The result should be an exact copy of only the lines from the one with "Have fun decorating" through the last line of the data below, with pictures omitted.

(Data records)
BEGIN
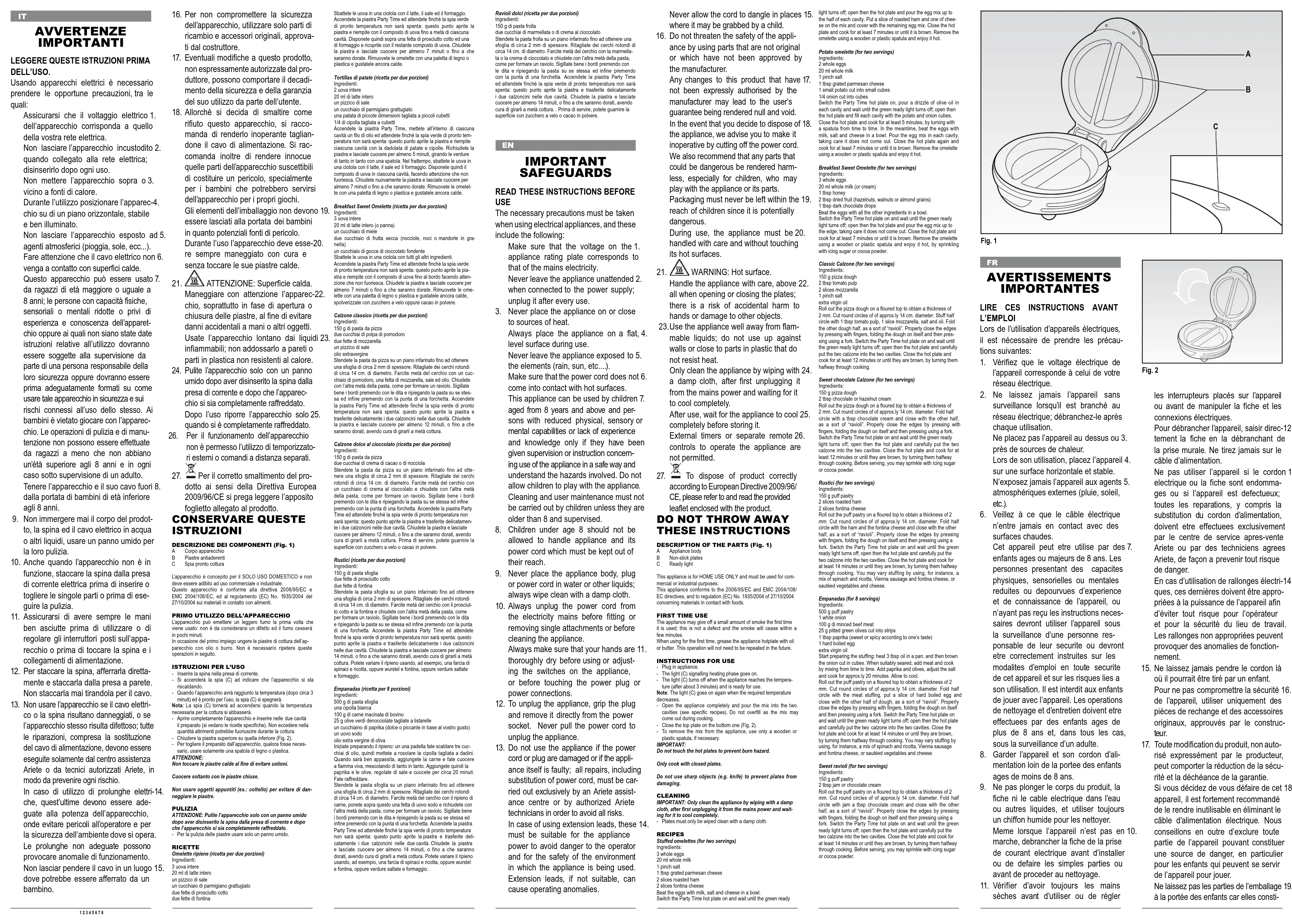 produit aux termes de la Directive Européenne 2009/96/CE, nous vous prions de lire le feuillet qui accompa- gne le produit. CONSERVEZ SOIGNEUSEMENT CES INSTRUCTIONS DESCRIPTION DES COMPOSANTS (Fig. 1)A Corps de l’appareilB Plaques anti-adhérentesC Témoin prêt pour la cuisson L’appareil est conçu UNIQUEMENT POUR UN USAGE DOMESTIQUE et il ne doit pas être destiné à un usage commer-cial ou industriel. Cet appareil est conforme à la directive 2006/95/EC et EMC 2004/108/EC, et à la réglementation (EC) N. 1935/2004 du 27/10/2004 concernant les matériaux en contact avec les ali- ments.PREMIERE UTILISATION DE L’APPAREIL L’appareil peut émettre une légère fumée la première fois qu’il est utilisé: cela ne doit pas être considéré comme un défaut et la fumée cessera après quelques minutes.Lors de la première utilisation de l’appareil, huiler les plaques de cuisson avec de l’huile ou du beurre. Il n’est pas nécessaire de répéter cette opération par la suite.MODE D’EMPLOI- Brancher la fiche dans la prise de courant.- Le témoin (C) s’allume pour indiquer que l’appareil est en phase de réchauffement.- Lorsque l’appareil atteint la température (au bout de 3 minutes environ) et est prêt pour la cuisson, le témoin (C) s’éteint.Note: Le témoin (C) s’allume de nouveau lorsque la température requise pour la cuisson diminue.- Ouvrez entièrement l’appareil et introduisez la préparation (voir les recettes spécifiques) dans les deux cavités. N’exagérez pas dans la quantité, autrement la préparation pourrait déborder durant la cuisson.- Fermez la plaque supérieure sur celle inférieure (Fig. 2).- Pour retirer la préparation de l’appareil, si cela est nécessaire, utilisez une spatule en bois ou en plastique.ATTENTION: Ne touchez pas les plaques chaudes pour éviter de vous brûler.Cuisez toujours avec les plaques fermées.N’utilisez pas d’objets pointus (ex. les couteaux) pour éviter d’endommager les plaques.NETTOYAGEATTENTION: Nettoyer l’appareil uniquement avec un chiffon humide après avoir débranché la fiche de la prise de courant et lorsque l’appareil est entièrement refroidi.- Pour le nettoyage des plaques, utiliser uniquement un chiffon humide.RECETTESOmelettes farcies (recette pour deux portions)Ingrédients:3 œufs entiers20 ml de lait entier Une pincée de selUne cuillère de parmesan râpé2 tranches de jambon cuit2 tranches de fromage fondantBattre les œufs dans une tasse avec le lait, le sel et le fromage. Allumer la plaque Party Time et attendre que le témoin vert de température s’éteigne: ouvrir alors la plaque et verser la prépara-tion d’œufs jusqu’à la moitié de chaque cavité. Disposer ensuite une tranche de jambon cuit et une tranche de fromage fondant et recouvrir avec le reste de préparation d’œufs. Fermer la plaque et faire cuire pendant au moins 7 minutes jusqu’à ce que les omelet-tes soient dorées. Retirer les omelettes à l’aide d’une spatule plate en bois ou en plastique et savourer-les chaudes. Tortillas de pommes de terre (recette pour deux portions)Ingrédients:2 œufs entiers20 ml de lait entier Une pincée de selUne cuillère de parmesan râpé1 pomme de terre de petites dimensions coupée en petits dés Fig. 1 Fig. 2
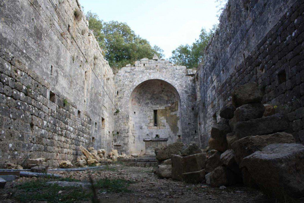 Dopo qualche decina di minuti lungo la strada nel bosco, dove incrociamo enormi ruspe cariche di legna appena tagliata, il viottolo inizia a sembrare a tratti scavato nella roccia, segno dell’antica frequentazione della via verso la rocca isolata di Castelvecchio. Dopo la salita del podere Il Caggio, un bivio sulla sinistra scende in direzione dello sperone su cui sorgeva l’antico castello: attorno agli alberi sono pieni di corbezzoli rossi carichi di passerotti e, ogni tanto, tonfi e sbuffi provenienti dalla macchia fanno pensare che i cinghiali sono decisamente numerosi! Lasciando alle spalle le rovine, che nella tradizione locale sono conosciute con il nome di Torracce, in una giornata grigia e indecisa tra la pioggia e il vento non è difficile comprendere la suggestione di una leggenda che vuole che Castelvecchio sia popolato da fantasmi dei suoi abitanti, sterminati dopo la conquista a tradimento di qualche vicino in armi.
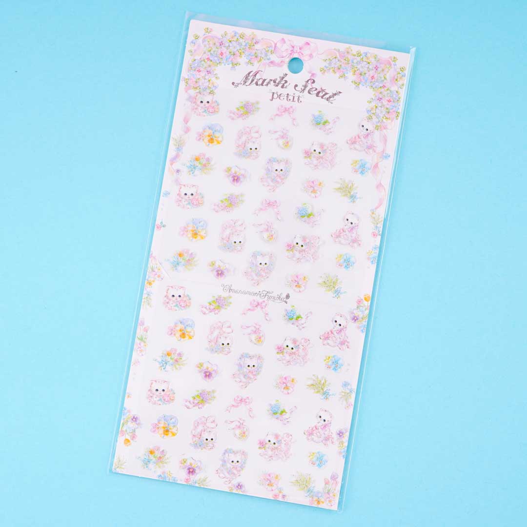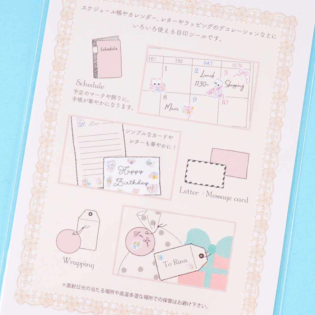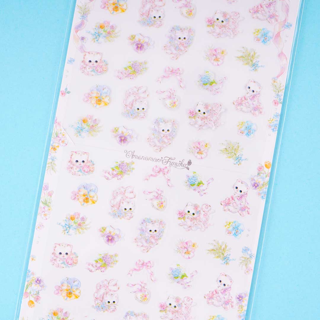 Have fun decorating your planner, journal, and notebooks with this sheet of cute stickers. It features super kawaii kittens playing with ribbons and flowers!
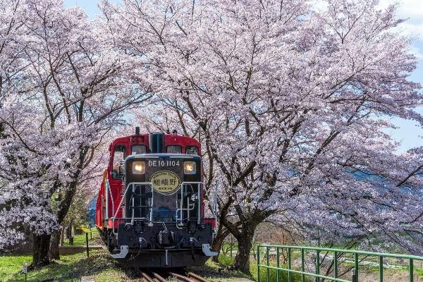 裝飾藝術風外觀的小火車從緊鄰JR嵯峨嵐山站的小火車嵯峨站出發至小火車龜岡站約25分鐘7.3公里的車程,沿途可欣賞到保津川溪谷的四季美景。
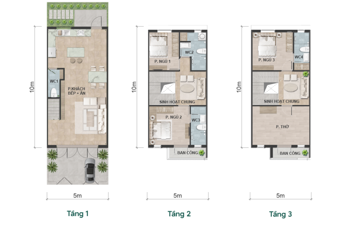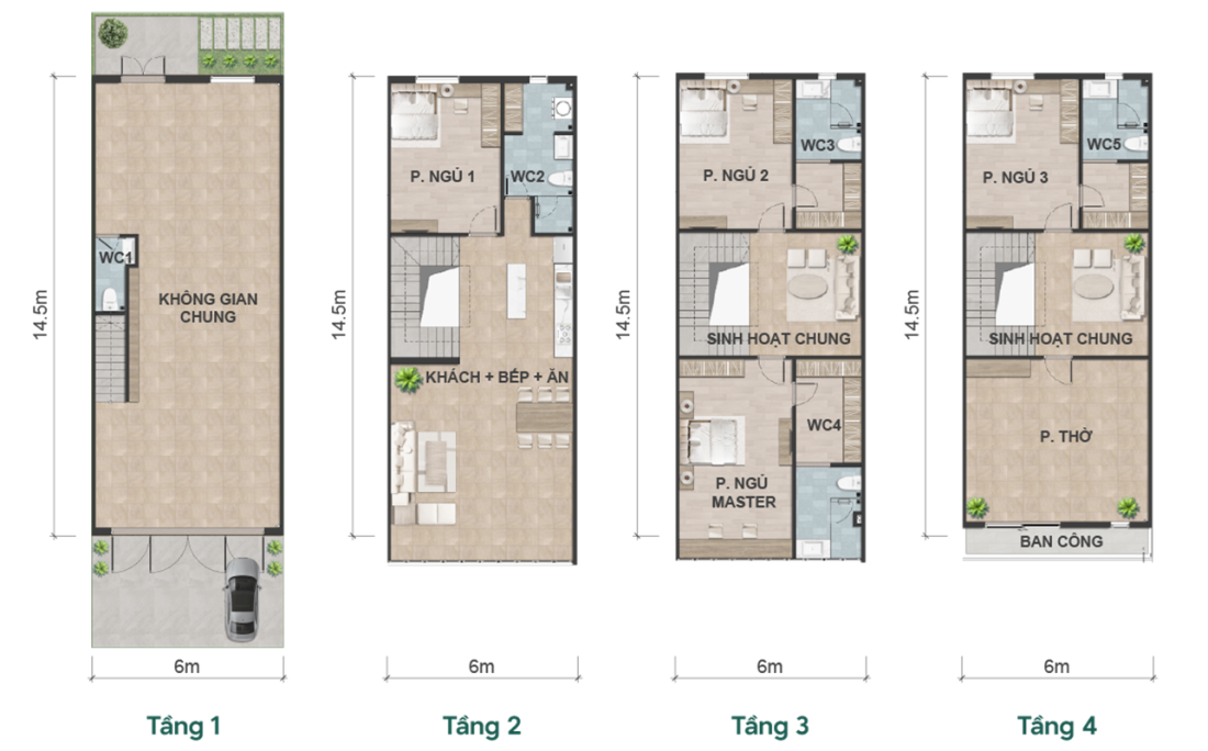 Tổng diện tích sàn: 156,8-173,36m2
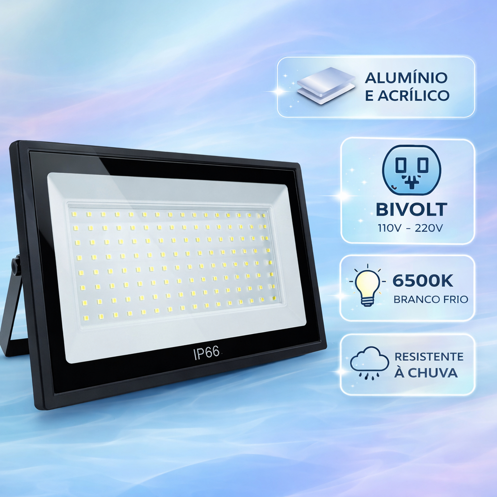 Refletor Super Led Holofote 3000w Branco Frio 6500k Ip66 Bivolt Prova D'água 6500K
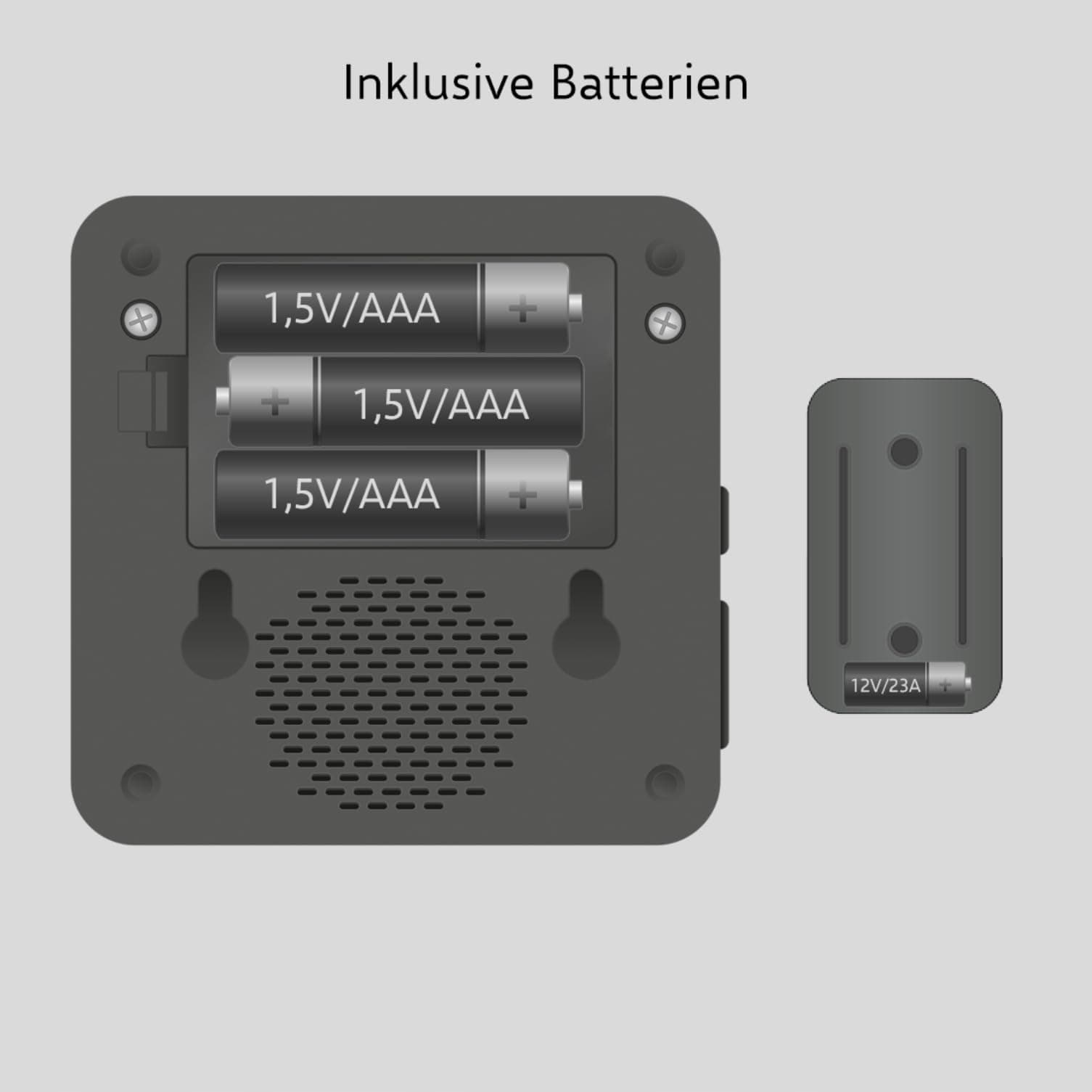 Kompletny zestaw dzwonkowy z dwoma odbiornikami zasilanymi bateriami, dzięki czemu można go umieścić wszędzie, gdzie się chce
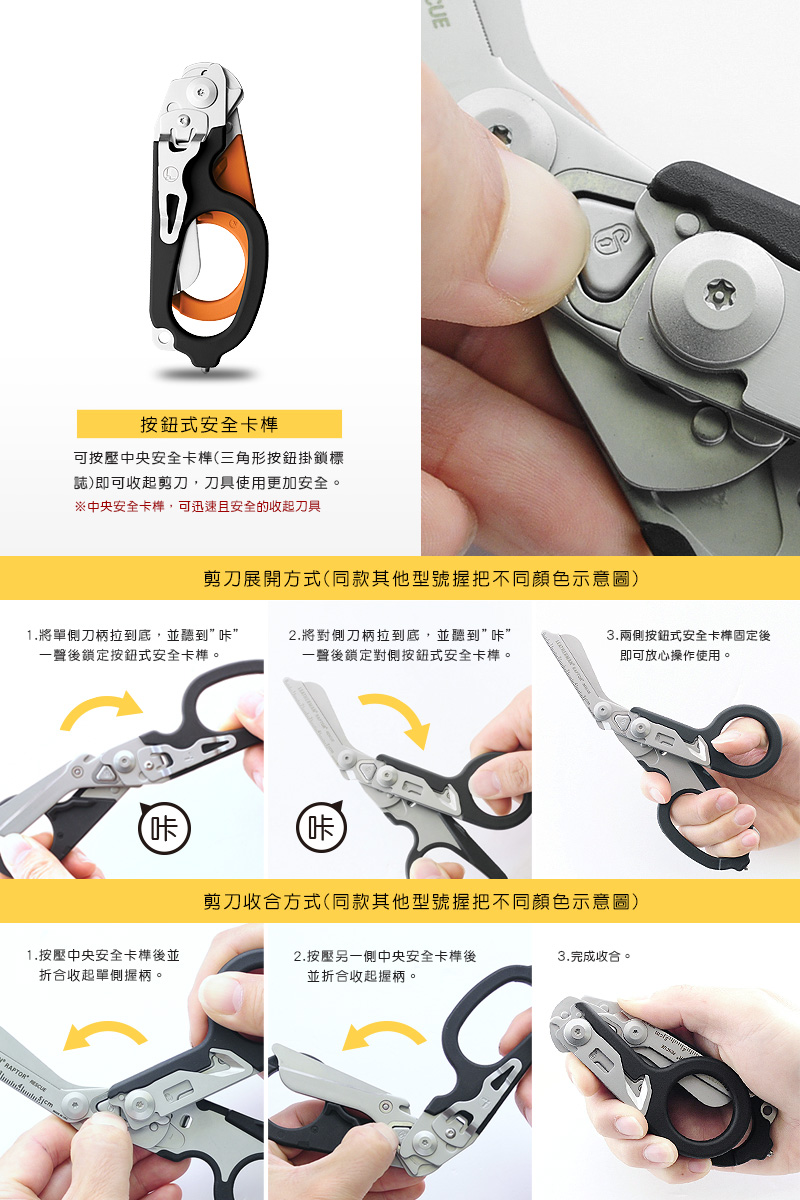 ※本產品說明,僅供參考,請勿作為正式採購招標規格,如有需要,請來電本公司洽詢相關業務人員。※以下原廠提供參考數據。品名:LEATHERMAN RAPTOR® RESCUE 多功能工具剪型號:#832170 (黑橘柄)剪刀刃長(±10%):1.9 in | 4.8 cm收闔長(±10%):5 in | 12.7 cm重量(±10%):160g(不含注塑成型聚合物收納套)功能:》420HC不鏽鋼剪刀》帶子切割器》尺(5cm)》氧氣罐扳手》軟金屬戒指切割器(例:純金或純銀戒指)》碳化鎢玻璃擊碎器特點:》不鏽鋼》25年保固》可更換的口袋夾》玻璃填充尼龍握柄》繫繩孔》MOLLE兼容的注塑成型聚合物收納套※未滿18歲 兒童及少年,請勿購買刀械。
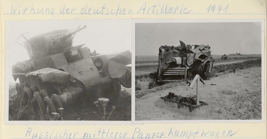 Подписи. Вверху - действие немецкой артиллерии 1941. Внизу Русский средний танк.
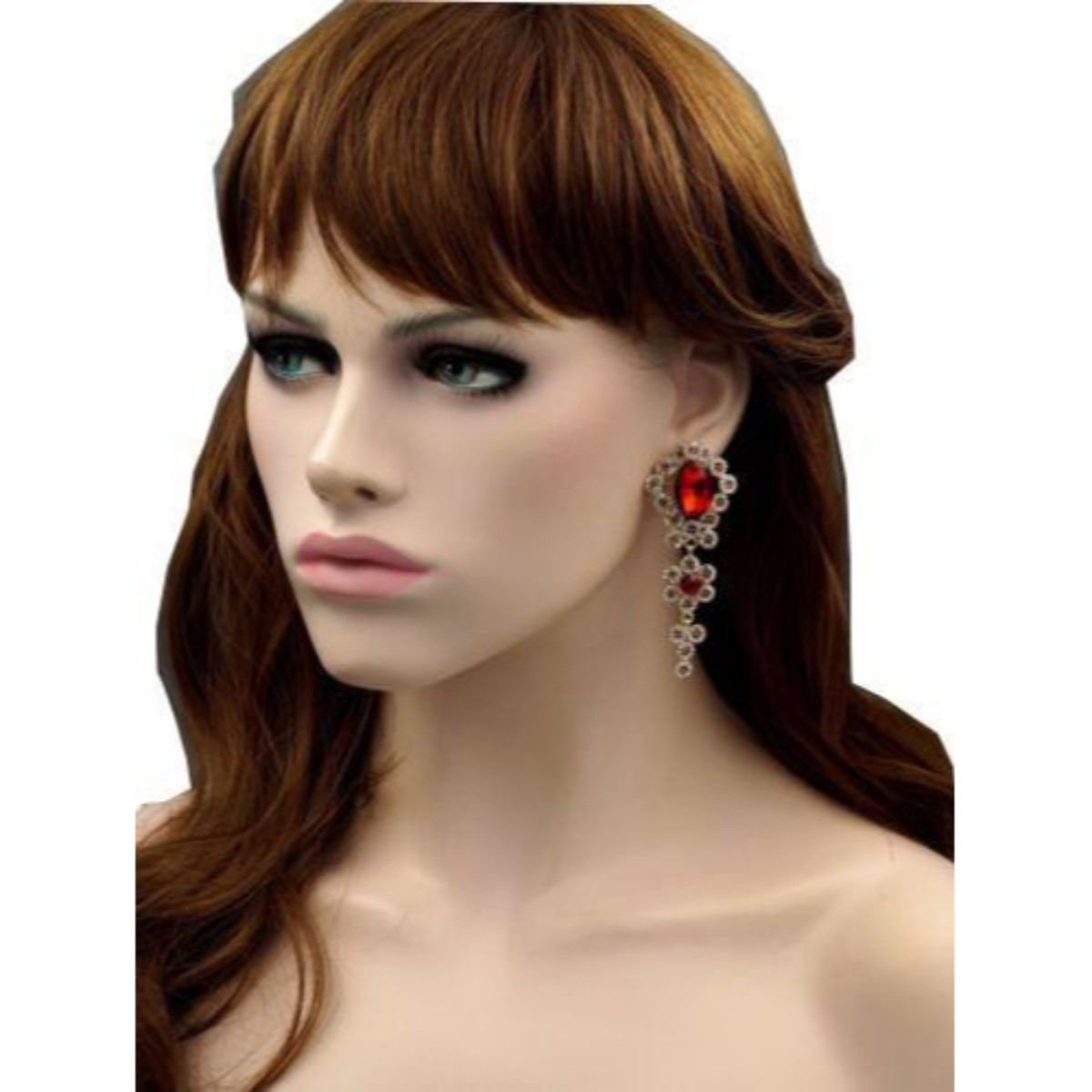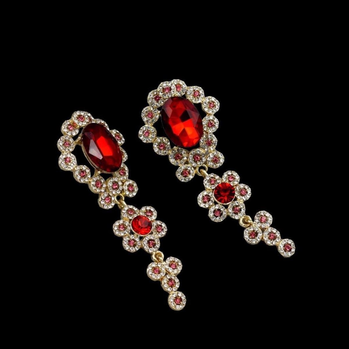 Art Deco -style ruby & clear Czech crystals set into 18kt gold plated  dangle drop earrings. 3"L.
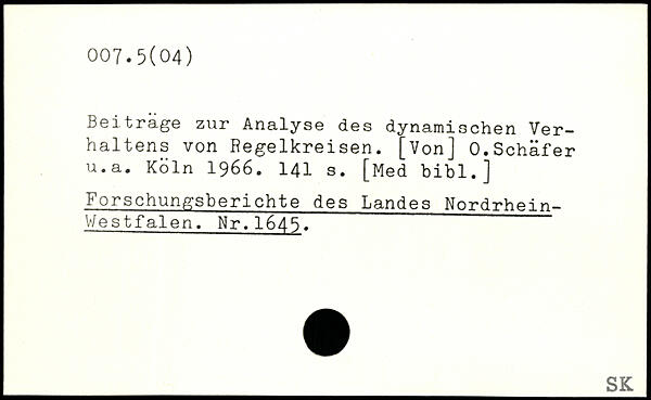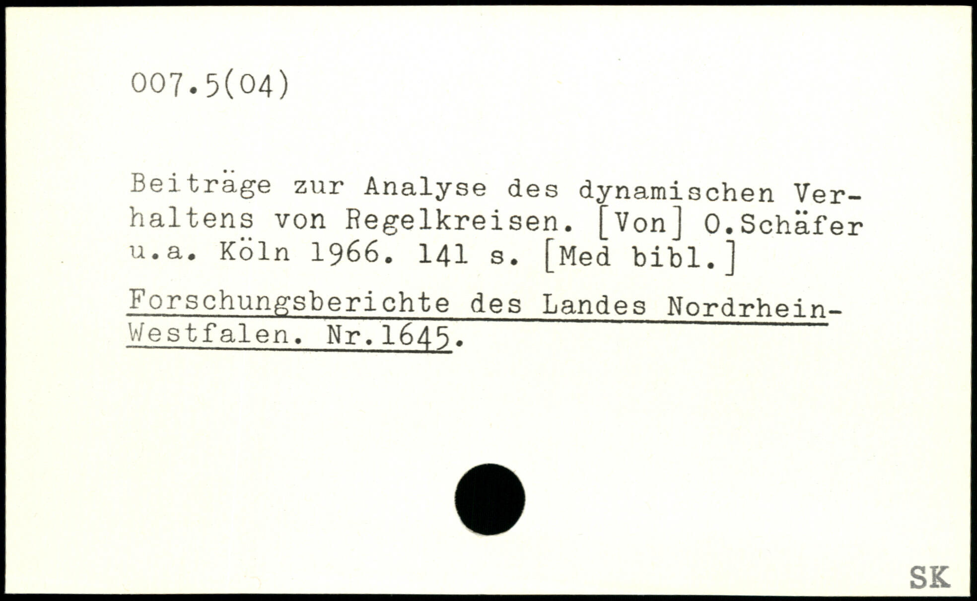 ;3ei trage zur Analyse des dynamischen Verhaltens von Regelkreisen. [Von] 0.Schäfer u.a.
END
Answer for the task:
 Have fun decorating your planner, journal, and notebooks with this sheet of cute stickers. It features super kawaii kittens playing with ribbons and flowers!
 裝飾藝術風外觀的小火車從緊鄰JR嵯峨嵐山站的小火車嵯峨站出發至小火車龜岡站約25分鐘7.3公里的車程,沿途可欣賞到保津川溪谷的四季美景。
 Tổng diện tích sàn: 156,8-173,36m2
 Refletor Super Led Holofote 3000w Branco Frio 6500k Ip66 Bivolt Prova D'água 6500K
 Kompletny zestaw dzwonkowy z dwoma odbiornikami zasilanymi bateriami, dzięki czemu można go umieścić wszędzie, gdzie się chce
 ※本產品說明,僅供參考,請勿作為正式採購招標規格,如有需要,請來電本公司洽詢相關業務人員。※以下原廠提供參考數據。品名:LEATHERMAN RAPTOR® RESCUE 多功能工具剪型號:#832170 (黑橘柄)剪刀刃長(±10%):1.9 in | 4.8 cm收闔長(±10%):5 in | 12.7 cm重量(±10%):160g(不含注塑成型聚合物收納套)功能:》420HC不鏽鋼剪刀》帶子切割器》尺(5cm)》氧氣罐扳手》軟金屬戒指切割器(例:純金或純銀戒指)》碳化鎢玻璃擊碎器特點:》不鏽鋼》25年保固》可更換的口袋夾》玻璃填充尼龍握柄》繫繩孔》MOLLE兼容的注塑成型聚合物收納套※未滿18歲 兒童及少年,請勿購買刀械。
 Подписи. Вверху - действие немецкой артиллерии 1941. Внизу Русский средний танк.
 Art Deco -style ruby & clear Czech crystals set into 18kt gold plated  dangle drop earrings. 3"L.
 ;3ei trage zur Analyse des dynamischen Verhaltens von Regelkreisen. [Von] 0.Schäfer u.a.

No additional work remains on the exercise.